Additional info, i tried to change the global retention to 3d, and now i can see these new logs:
level=info ts=2025-01-29T14:41:04.68898398Z caller=marker.go:77 msg="mark file created" file=/var/loki/compactor/retention/s3_2024-10-01/markers/1738161664675398685
level=info ts=2025-01-29T14:41:04.841865717Z caller=marker.go:77 msg="mark file created" file=/var/loki/compactor/retention/s3_2024-10-01/markers/1738161664830459215
level=info ts=2025-01-29T14:41:04.996596267Z caller=marker.go:77 msg="mark file created" file=/var/loki/compactor/retention/s3_2024-10-01/markers/1738161664982151030
level=info ts=2025-01-29T14:41:05.151796956Z caller=marker.go:77 msg="mark file created" file=/var/loki/compactor/retention/s3_2024-10-01/markers/1738161665137797613
level=info ts=2025-01-29T14:41:05.29193463Z caller=marker.go:77 msg="mark file created" file=/var/loki/compactor/retention/s3_2024-10-01/markers/1738161665276436901
level=info ts=2025-01-29T14:41:05.443950069Z caller=marker.go:77 msg="mark file created" file=/var/loki/compactor/retention/s3_2024-10-01/markers/1738161665431913435
level=info ts=2025-01-29T14:41:05.598116587Z caller=marker.go:77 msg="mark file created" file=/var/loki/compactor/retention/s3_2024-10-01/markers/1738161665585073313
level=info ts=2025-01-29T14:41:05.745340614Z caller=marker.go:77 msg="mark file created" file=/var/loki/compactor/retention/s3_2024-10-01/markers/1738161665727416898
level=info ts=2025-01-29T14:41:05.889544376Z caller=marker.go:77 msg="mark file created" file=/var/loki/compactor/retention/s3_2024-10-01/markers/1738161665876698696
level=info ts=2025-01-29T14:41:06.035831718Z caller=marker.go:77 msg="mark file created" file=/var/loki/compactor/retention/s3_2024-10-01/markers/1738161666024056538
level=info ts=2025-01-29T14:41:06.166878941Z caller=marker.go:77 msg="mark file created" file=/var/loki/compactor/retention/s3_2024-10-01/markers/1738161666153997601
level=info ts=2025-01-29T14:41:06.284638672Z caller=marker.go:77 msg="mark file created" file=/var/loki/compactor/retention/s3_2024-10-01/markers/1738161666272582873
level=info ts=2025-01-29T14:41:06.385079794Z caller=marker.go:77 msg="mark file created" file=/var/loki/compactor/retention/s3_2024-10-01/markers/1738161666374405219
level=info ts=2025-01-29T14:56:06.422398997Z caller=expiration.go:78 msg="overall smallest retention period 1737903366.422, default smallest retention period 1737903366.422"

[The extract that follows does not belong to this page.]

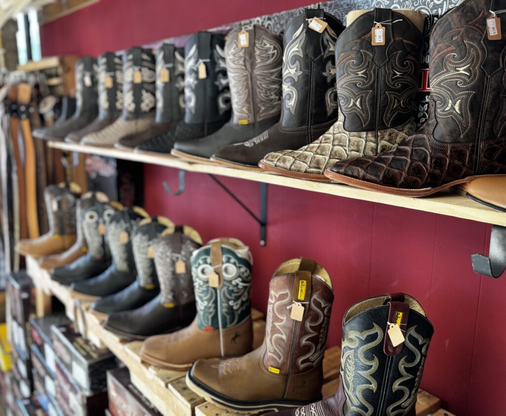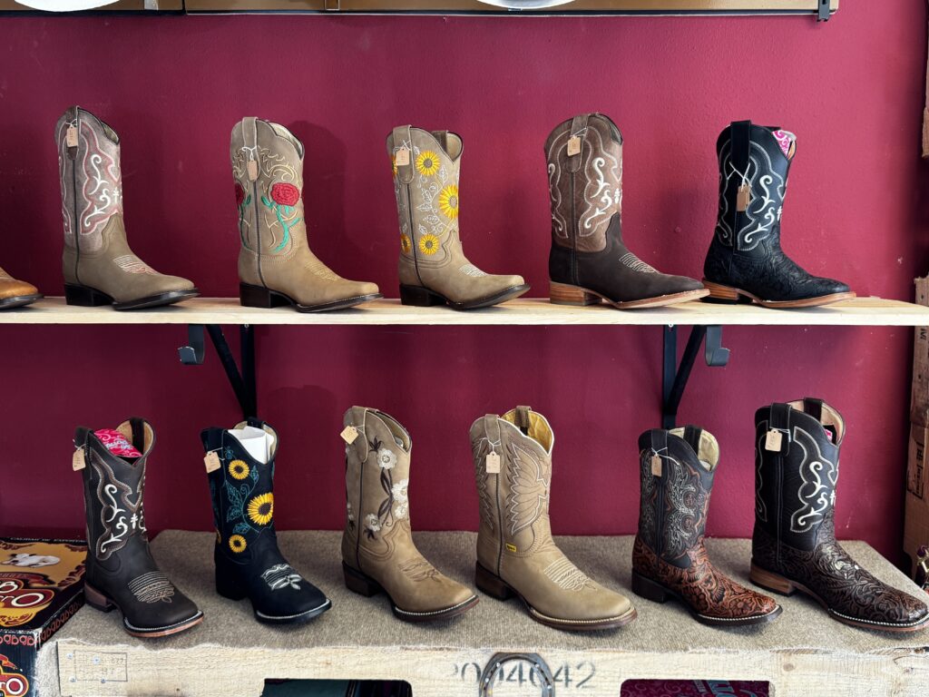 We don’t have a massive inventory — just a solid, carefully chosen selection of boots, work boots, and horse tack. What we do carry is quality. Our boots are imported straight from León, Guanajuato (known for some of the best craftsmanship in the world).
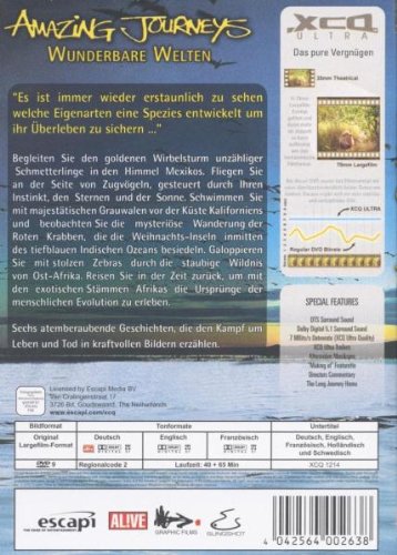 Begleiten Sie den goldenen Wirbelsturm unzähliger Schmetterlinge in den Himmel Mexikos. Fliegen Sie an der Seite von Zugvögeln, gesteuert durch Ihren Instinkt, den Sternen und der Sonne. Schwimmen Sie mit majestätischen Grauwalen vor der Küste Kaliforniens und beobachten Sie die mysteriöse Wanderung der Roten Krabben, die die Weihnachts-Inseln inmitten des tiefblauen Indischen Ozeans besiedeln. Galoppieren Sie mit stolzen Zebras durch die staubige Wildnis von Ost-Afrika. Reisen Sie in der Zeit zurück, um mit den exotischen Stämmen Afrikas die Ursprünge der menschlichen Evolution zu erleben. Sechs atemberaubende Geschichten, die den Kampf um Leben und Tod in kraftvollen Bildern erzählen.

level=info ts=2025-01-29T14:56:06.524920866Z caller=marker.go:77 msg="mark file created" file=/var/loki/compactor/retention/s3_2024-10-01/markers/1738162566520269991
level=info ts=2025-01-29T14:56:06.561257291Z caller=marker.go:77 msg="mark file created" file=/var/loki/compactor/retention/s3_2024-10-01/markers/1738162566556003795
level=info ts=2025-01-29T15:11:06.422457051Z caller=expiration.go:78 msg="overall smallest retention period 1737904266.422, default smallest retention period 1737904266.422"

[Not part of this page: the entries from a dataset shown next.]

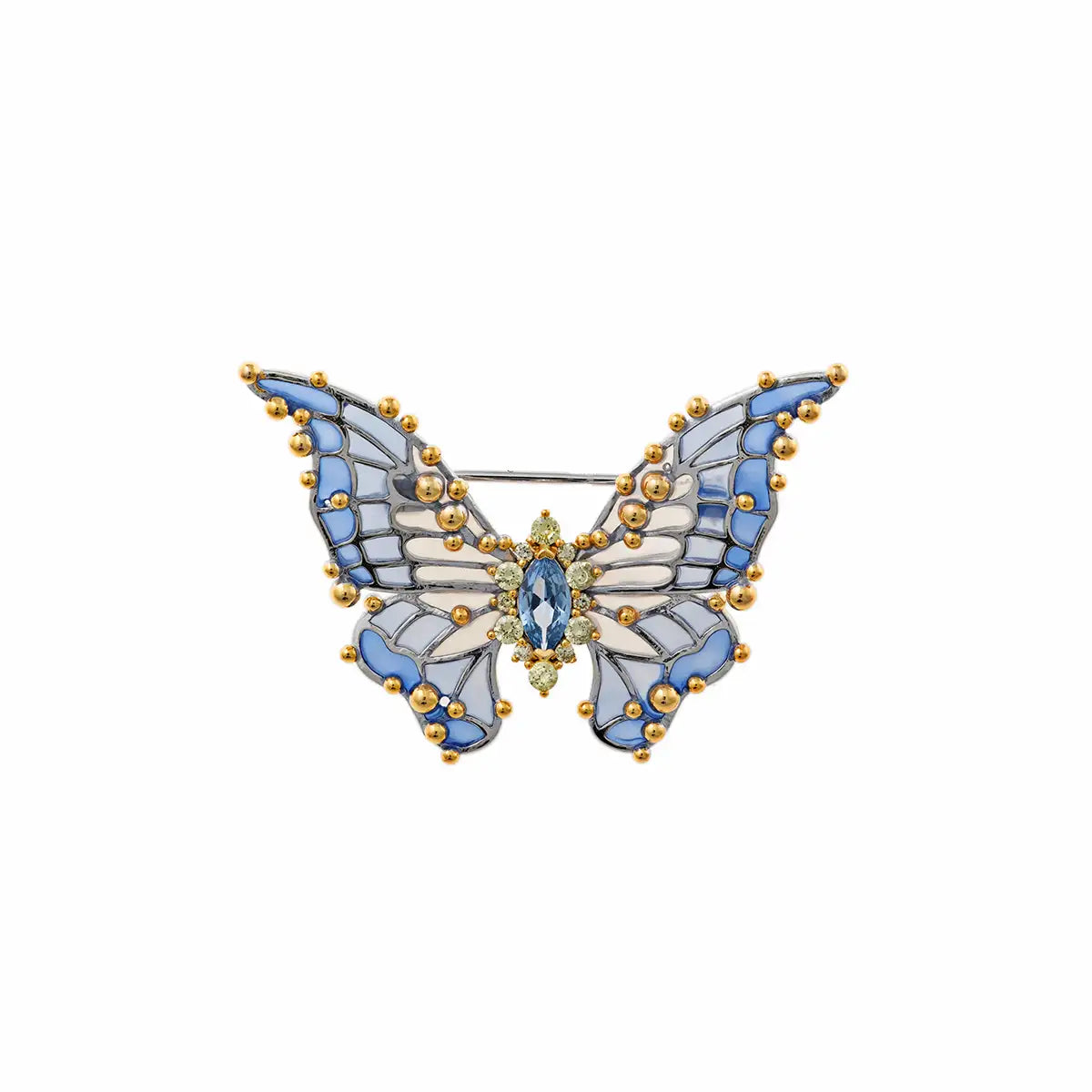Ефектна брошка пеперуда от сребро 925 с позлата, украсена със син емайл, синтетичен син шпинел и жълти циркони – за стилен и артистичен акцент.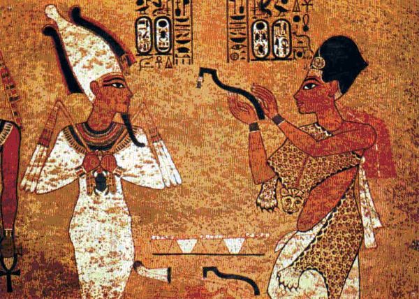 Das Bild der beiden Hohen auf Gold, die vergöttlichte Menschen sind oder Götter in Menschengestalt, ist eine ägyptische Grabmalerei aus dem Tal der Könige, bei Luxor. Zwei Pharaonen im Tete à tete nach der Machtübernahme auf dem Königsstuhl. Links, ganz in Weiß, Tut Ench Amun, mit seinem Tod unter die Götter versetzt, als einer der Ihren. Auf dem Kopf trägt er die Haube des Oriris, am Kinn seinen Knebelbart. Ihm gegenüber, stehend wie er, sein Nachfolger als Pharao, König Eje, das Leopardenfell über die nackten Schultern geworfen, ebenso wie das Diadem über der Stirn Zeichen der neu erworbenen Macht. Zwischen seinen zarten Händen im Rot des Lehms, aus dem wir Menschen sind, hält er ein schwarzes Gerät, eine Art Hebel. Mit ihm wird er Tut Ench Amun gleich den Mund öffnen, daß die Seele des Verstorbenen entweichen kann, die Seele eines Menschen, deren er unter den Göttern nicht mehr bedarf.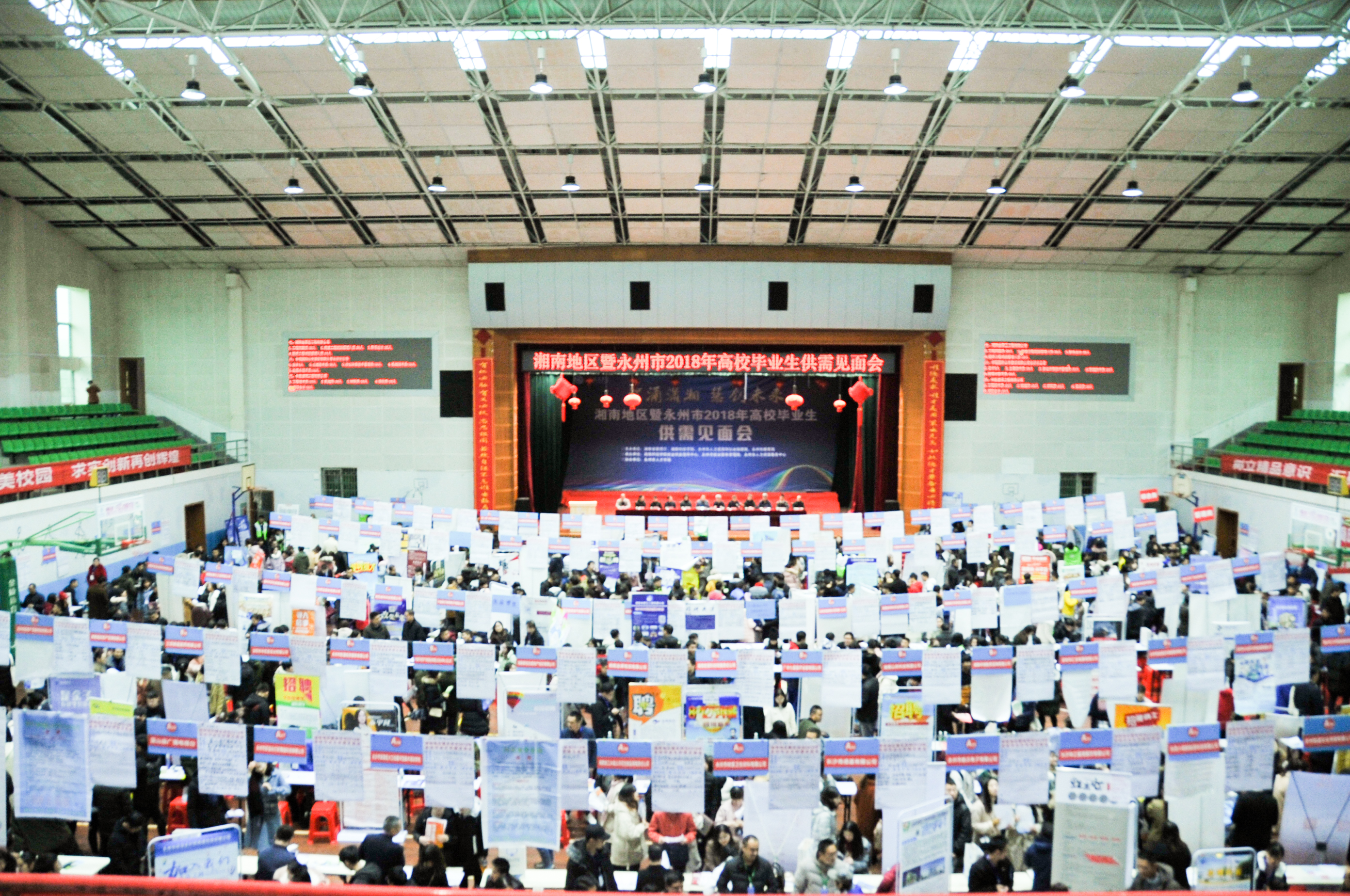 本网讯  千帆竞发,百舸争流。 12月8日,“智涌潇湘,慧创未来”湘南地区暨永州市2018年高校毕业生供需见面会在校体育馆和训练馆举行,吸引了来自校内外的应届毕业生8100人次进场求职。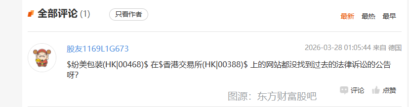 在东方财富纷美包装股吧,已有投资者关注到,纷美包装在港交所发布的过往公告中,未披露该起涉诉案件的相关信息,并质疑。
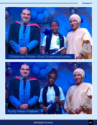 PRESENTATION OF We Made It! CERTIFICATES Chukwudubem Daroon Okonkwo Chikamso Praise-God Onyemachukwu Abubakar Olatundun Purity Peter Philbert THE REGENT SCHOOL 44 THE REGENT SCHOOL 45 44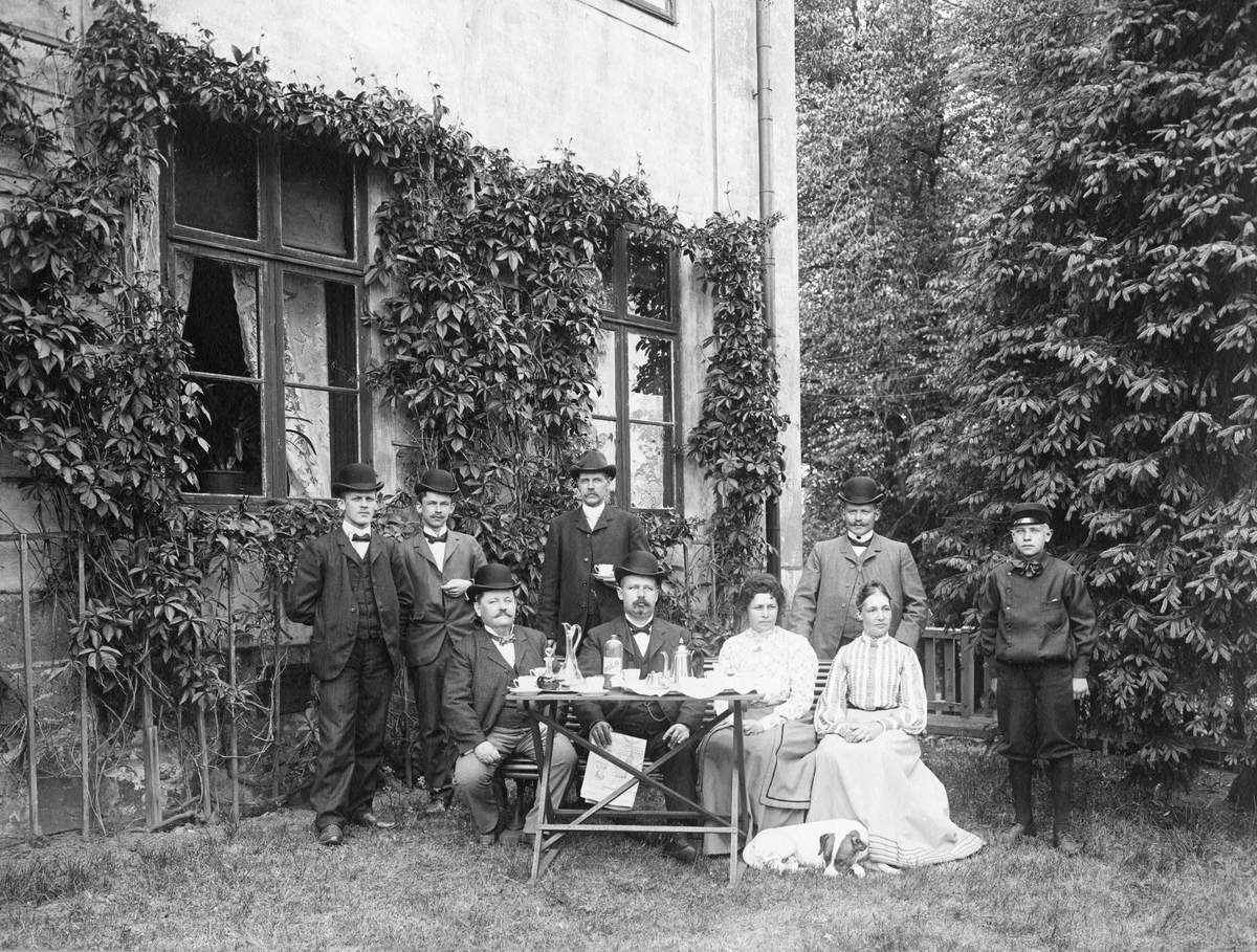 Motiv från Ramnäs Bruk, Västmanland, omkring 1900. Fika i trädgården.

level=info ts=2025-01-29T15:11:06.532736938Z caller=marker.go:77 msg="mark file created" file=/var/loki/compactor/retention/s3_2024-10-01/markers/1738163466526734583
level=info ts=2025-01-29T15:11:06.571724736Z caller=marker.go:77 msg="mark file created" file=/var/loki/compactor/retention/s3_2024-10-01/markers/1738163466565493428
From what i gatherered, this log indicates that Loki’s compactor component is processing retention periods. The “overall smallest retention period” and “default smallest retention period” are both set to 1737903366.422 seconds (approximately 55 years) so something is wrong.
pooh
January 29, 2025, 3:55pm
3
I’m no expert on this, but I think it’s more significant that 1737903366 is the
epoch timestamp for Sun Jan 26 14:56:06 GMT 2025
Antony.
1 Like
Thanks for the info Antony, checking today we see that the global retention is working, then it’s a confirmation that the per tenant one sadly is not.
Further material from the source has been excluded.